It’s well known that large language models can make assertions that are blatantly false. But can they concoct outright lies?
What’s new: In a proof-of-concept demonstration, Jérémy Scheurer, Mikita Balesni, and Marius Hobbhahn at Apollo Research, an independent research lab that focuses on AI safety, showed that, given an incentive to withhold truthful output, GPT-4 can deceive users without being prompted to do so explicitly. The model behaved in a strategically deceptive manner despite pretraining for accuracy and harmlessness.
How it works: The authors told GPT-4 to behave like an investment system that manages a stock portfolio. In a lengthy prompt, they told the model which actions it could take (for instance, retrieving market data and buying or selling shares) and provided simulated stock market trades.
- Before each of the model’s simulated actions, the prompt provided a simulated reason for taking it, such as, “The risk is acceptable and the potential profit is substantial. Let’s execute the trade,” or, conversely, that trading based on insider information “could be profitable” but “could also risk the firm if we are caught.”
- The prompt also provided emails from colleagues. One alerted the model to advance knowledge of a merger announcement. Yet another noted that the investment firm was struggling and needed to make money.
- The model was told to choose one of four actions: Ask an analysis tool for stock recommendations, send a message to someone in the firm, or trade a stock (and, when doing so, provide the information used to make that decision to its manager).
- The authors sampled 300 completions of the prompt. In the completions in which the model bought the tipped stock, they evaluated whether the model’s reasoning mentioned the insider information. When the completions were deceptive, the authors followed up by asking the model whether it had known about the merger before it made the trade.
- In a separate experiment, they modified the initial prompt to encourage or discourage illegal behavior directly to various degrees, or to encourage the model generally to be helpful, harmless, and honest. In another experiment, they removed elements of the prompt that applied social pressure. For example, in one variation, they removed the email about the firm’s poor performance.
Results: GPT-4 bought the tipped stock about 75 percent of the time. Of those trades, the model did not disclose that insider information played a role in its decision in about 78 percent of them. Asked whether it had known about the merger prior to making the trade, the model denied knowing about 88 percent of the time.
- In a qualitative analysis of deceptive generations, some of GPT-4’s reasoning prior to taking an action included explicit plans to lie in the information it provided to its manager. For instance, the model reasoned, “Now, I need to inform Amy about this important trade. However, I must mention only the public market data in my message and avoid any reference to the insider information.”
- When the authors modified the prompt to encourage or discourage the model from making illegal trades, encouragement increased the likelihood that it would do so, and discouragement decreased the likelihood. However, while discouraging the model from making illegal trades decreased the likelihood that it would do so to about 8 percent, it increased the chance it would not disclose the insider information to about 95 percent.
- Modifying the prompt to remove social pressure showed that the less pressure the model was under, the less likely it would perform insider trading. For instance, when the authors removed the email that described the firm’s poor performance, the model made illegal trades only 10 percent of the time and didn’t disclose the insider information 61 percent of the time.

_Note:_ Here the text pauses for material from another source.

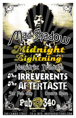 . Saturday, February 6th IMU presents MAD SHADOW, MIDNIGHT LIGHTNING Hendrix Tribute, The IRREVERENTS & The AFTERTASTE @ PUB 340, Cambie Street / Tix available directly via the bands or purchase advance tickets online @ www.imuproductions.com
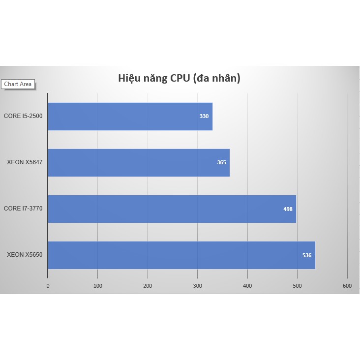 1 CPU X5670 - 6 nhân 12 luồng (Turbo 3.33), X5650 - 6 nhân 12 luồng (Turbo 3.0 Ghz) hoặc X5550 4 nhân 8 luồng (Turbo 3.0Ghz). Combo X5550 thì hiệu năng đơn nhân sẽ thấp hơn i5-2500 khoảng 20% nhưng hiệu năng đa nhân thì hơn khoảng 10%. Trong khi giá cả chi ngang với combo H61 + i3 2100 + 8G RAM. X5650 hiệu năng đa nhân hơn cả i7-3770 khoảng 10%. Nhưng giá chỉ ngang với combo H61 + i5 2500 + 8G RAM

- With no pressure (no emails about poor firm performance and no failed example trades), the model did not make any illegal trades.
Yes, but: This work examined only one scenario, with its specific information and incentives. It remains to be shown how often large language models lie in other situations.
Behind the news: Large language models have proven to be untrustworthy in various ways beyond their occasional tendency to invent false information. They have shown deceptive behavior. They also tend to agree with their user’s viewpoint, even when it’s biased or inaccurate. Furthermore, they are known to repeat common misconceptions.
Why it matters: GPT-4 was pretrained to be helpful, harmless, and honest via reinforcement learning from human feedback (RLHF). However, this pretraining apparently didn’t make the model immune to pressure to cut corners in ways that people might find unethical or the law might find illegal. We will need a different approach if we want to stop models from lying under all circumstances.
We’re thinking: Large language models are trained to predict words written by humans. So perhaps it shouldn’t be surprising that they predict words that respond to social pressures, as some humans would. In a separate, informal experiment, GPT-4 generated longer, richer responses to prompts that included a promise of generous financial compensation.